Records from a dataset
━━━━━━━━━━━━━━━━

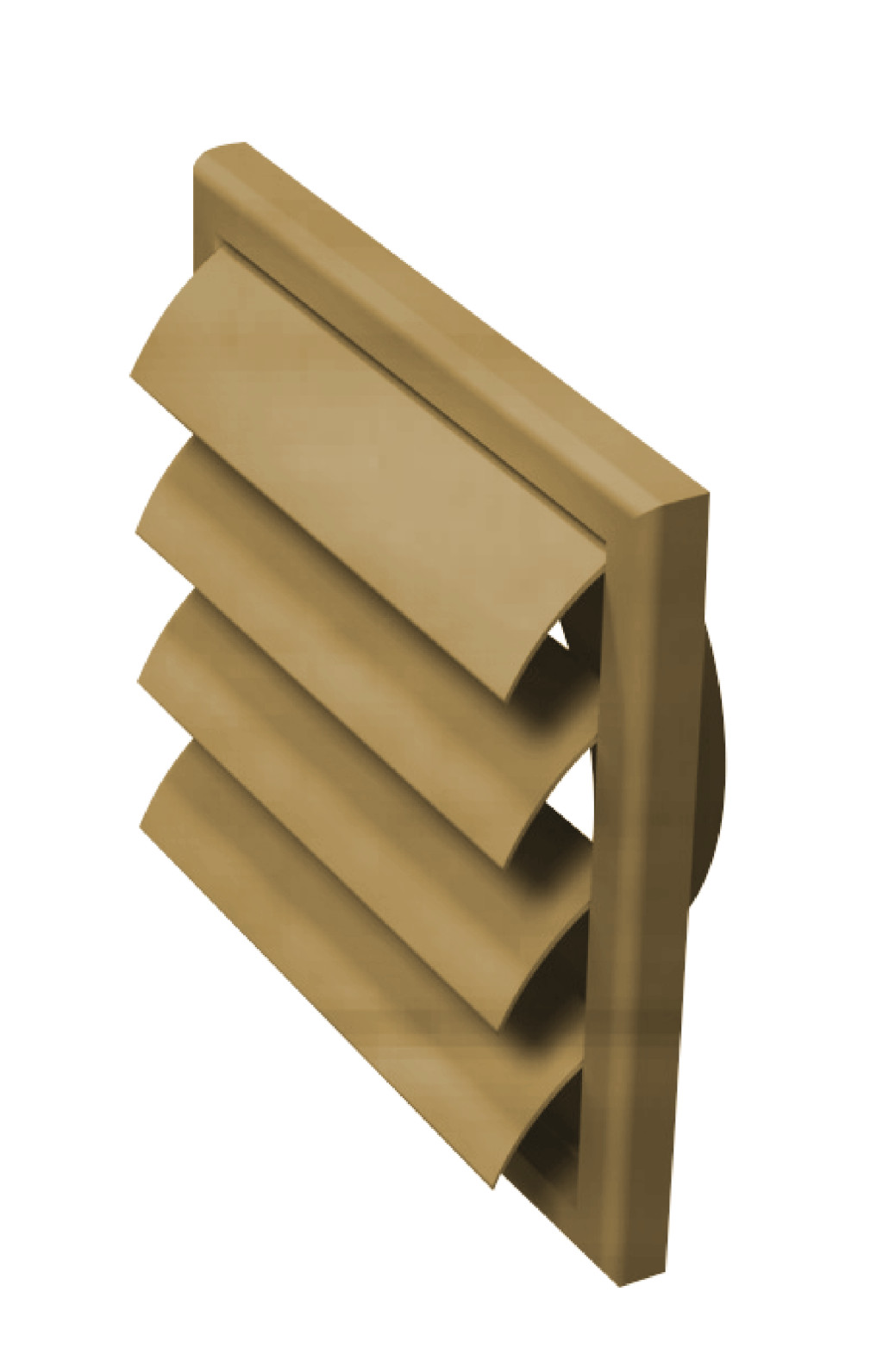 Műanyag takaróelem lakossági, közületi vagy ipari szellőzőrendszerek be- és elszívónyílásainak lezárására. Világos faerezet minta, négyszögletes kialakítás. Gravitációs zsaluval. 125 mm átmérő csőcsatlakozás. 187x187 mm.
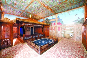 上午,記者在修復(fù)完工的倦勤齋內(nèi)看到:倦勤齋共面闊9間,以木裝修隔成了上下兩層的凹字形仙樓。最巧妙的是,齋內(nèi)各房間之間均以隔扇、檻窗、落地罩、炕罩等隔成相對(duì)獨(dú)立的空間。齋內(nèi)用歐洲透視方法繪出的絹面通景畫(huà)覆蓋了整個(gè)房間,據(jù)介紹整個(gè)倦勤齋有70余張畫(huà),其中頂棚處有12張,全部約170平方米,如此大量反映18世紀(jì)歐洲美學(xué)對(duì)中國(guó)裝飾藝術(shù)影響的通景畫(huà),不僅在紫禁城而且在全中國(guó)也是絕無(wú)僅有的。當(dāng)年乾隆皇帝觀戲的小戲臺(tái)被裝飾得古色古香,戲臺(tái)上方的天花板上全部都是枝藤茂密的紫羅蘭圖案通景畫(huà),房間的墻壁上則細(xì)膩地描繪了紫禁城里的建筑和山石景色。而在以仙樓圍成的中廳內(nèi),精美的竹絲鑲嵌、玉雕和木雕藝術(shù)同樣令人嘆為觀止。
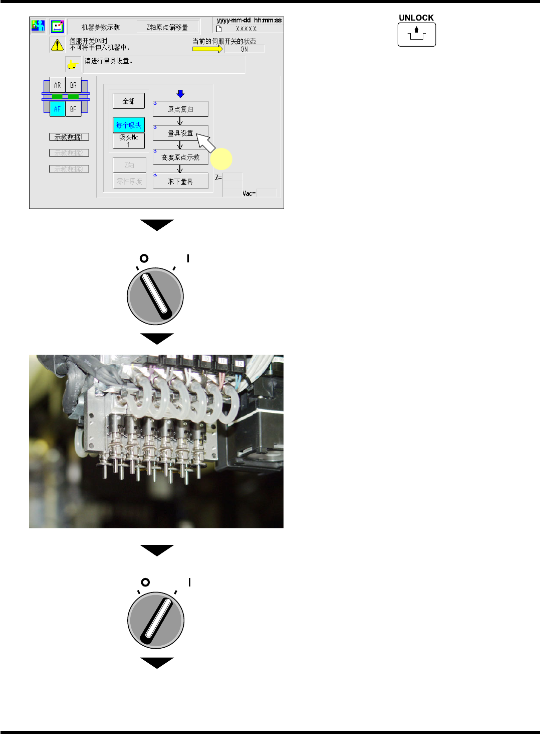 CM602-L 维修手册 2.2 机器参数的示教步 骤 Page 2 -41 4. 按操作面板的 + [ 量具设置 ] 。 5. 将伺服开关置于 OFF (O) 。 6. 打开安全盖 7. 在全部吸嘴位置上安装吸嘴。 高速吸头 (12 吸嘴 ) 时 ∗ 在全部吸嘴位置上安装 130S 吸嘴。 • 也可安装 120S 吸嘴。 • 也可安装 235CS 吸嘴。 ∗ 参照照片 通用吸头 (8 吸嘴 ) 时 ∗ 在全部吸嘴位置上安装 130 号…
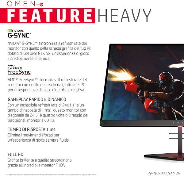 Monitor gaming HP Omen X 25: caratteristiche tecniche
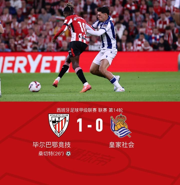 毕包1-0皇家社会,桑切特一击制胜,威廉斯献助攻
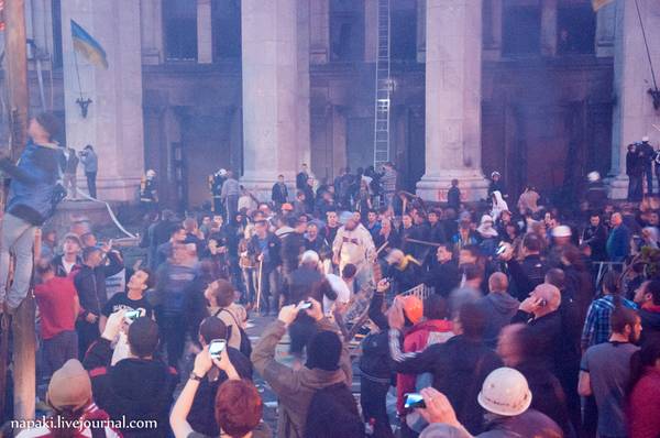 Знакомые потом рассказывали, что там находится штаб то ли «самообороны майдана», то ли «правого сектора». Вне зависимости от этого, «полная машина автоматов» боевиков не заинтересовала, поэтому попыток штурмовать подъезд не было и командиры постоянно звали людей обратно на Александровский. Попутно разнесли машину, в которой была повязана сине-желтая ленточка.
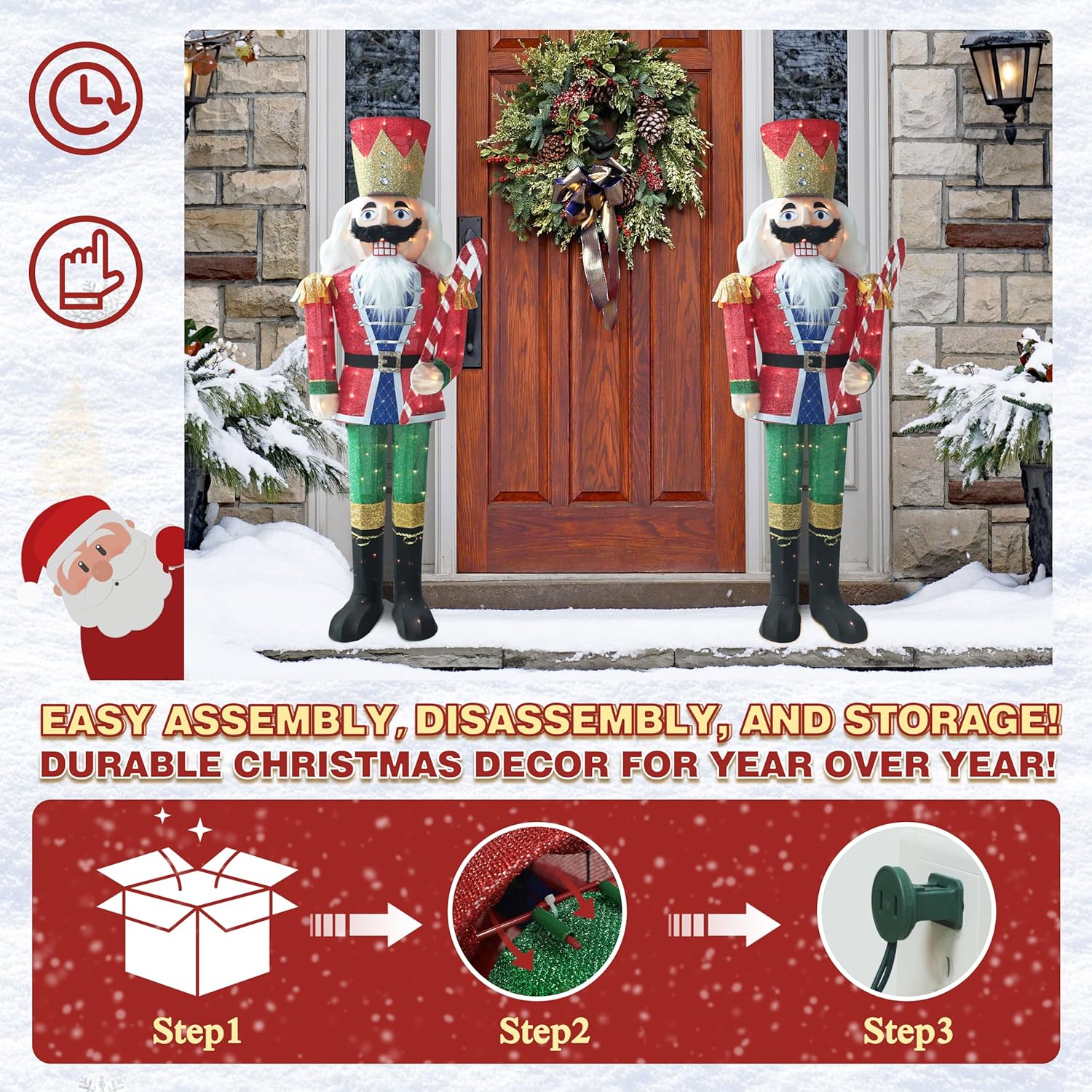 - [Easy to Assembly] It only takes 3 steps to assembly. Step 1: Take out all the items from the package. Step 2: Assemble it according to the instructions. Step 3: Plug in the socket to light it up. If you are going to use this nutcracker for outdoor, don’t forget the ground stakes included that will make it well fixed on the ground.

━━━━━━━━━━━━━━━━

Copy the data character for character, but drop all pictures from the copy.

* WORKED SOLUTION:
 Műanyag takaróelem lakossági, közületi vagy ipari szellőzőrendszerek be- és elszívónyílásainak lezárására. Világos faerezet minta, négyszögletes kialakítás. Gravitációs zsaluval. 125 mm átmérő csőcsatlakozás. 187x187 mm.
 上午,記者在修復(fù)完工的倦勤齋內(nèi)看到:倦勤齋共面闊9間,以木裝修隔成了上下兩層的凹字形仙樓。最巧妙的是,齋內(nèi)各房間之間均以隔扇、檻窗、落地罩、炕罩等隔成相對(duì)獨(dú)立的空間。齋內(nèi)用歐洲透視方法繪出的絹面通景畫(huà)覆蓋了整個(gè)房間,據(jù)介紹整個(gè)倦勤齋有70余張畫(huà),其中頂棚處有12張,全部約170平方米,如此大量反映18世紀(jì)歐洲美學(xué)對(duì)中國(guó)裝飾藝術(shù)影響的通景畫(huà),不僅在紫禁城而且在全中國(guó)也是絕無(wú)僅有的。當(dāng)年乾隆皇帝觀戲的小戲臺(tái)被裝飾得古色古香,戲臺(tái)上方的天花板上全部都是枝藤茂密的紫羅蘭圖案通景畫(huà),房間的墻壁上則細(xì)膩地描繪了紫禁城里的建筑和山石景色。而在以仙樓圍成的中廳內(nèi),精美的竹絲鑲嵌、玉雕和木雕藝術(shù)同樣令人嘆為觀止。
 CM602-L 维修手册 2.2 机器参数的示教步 骤 Page 2 -41 4. 按操作面板的 + [ 量具设置 ] 。 5. 将伺服开关置于 OFF (O) 。 6. 打开安全盖 7. 在全部吸嘴位置上安装吸嘴。 高速吸头 (12 吸嘴 ) 时 ∗ 在全部吸嘴位置上安装 130S 吸嘴。 • 也可安装 120S 吸嘴。 • 也可安装 235CS 吸嘴。 ∗ 参照照片 通用吸头 (8 吸嘴 ) 时 ∗ 在全部吸嘴位置上安装 130 号…
 Monitor gaming HP Omen X 25: caratteristiche tecniche
 毕包1-0皇家社会,桑切特一击制胜,威廉斯献助攻
 Знакомые потом рассказывали, что там находится штаб то ли «самообороны майдана», то ли «правого сектора». Вне зависимости от этого, «полная машина автоматов» боевиков не заинтересовала, поэтому попыток штурмовать подъезд не было и командиры постоянно звали людей обратно на Александровский. Попутно разнесли машину, в которой была повязана сине-желтая ленточка.
 - [Easy to Assembly] It only takes 3 steps to assembly. Step 1: Take out all the items from the package. Step 2: Assemble it according to the instructions. Step 3: Plug in the socket to light it up. If you are going to use this nutcracker for outdoor, don’t forget the ground stakes included that will make it well fixed on the ground.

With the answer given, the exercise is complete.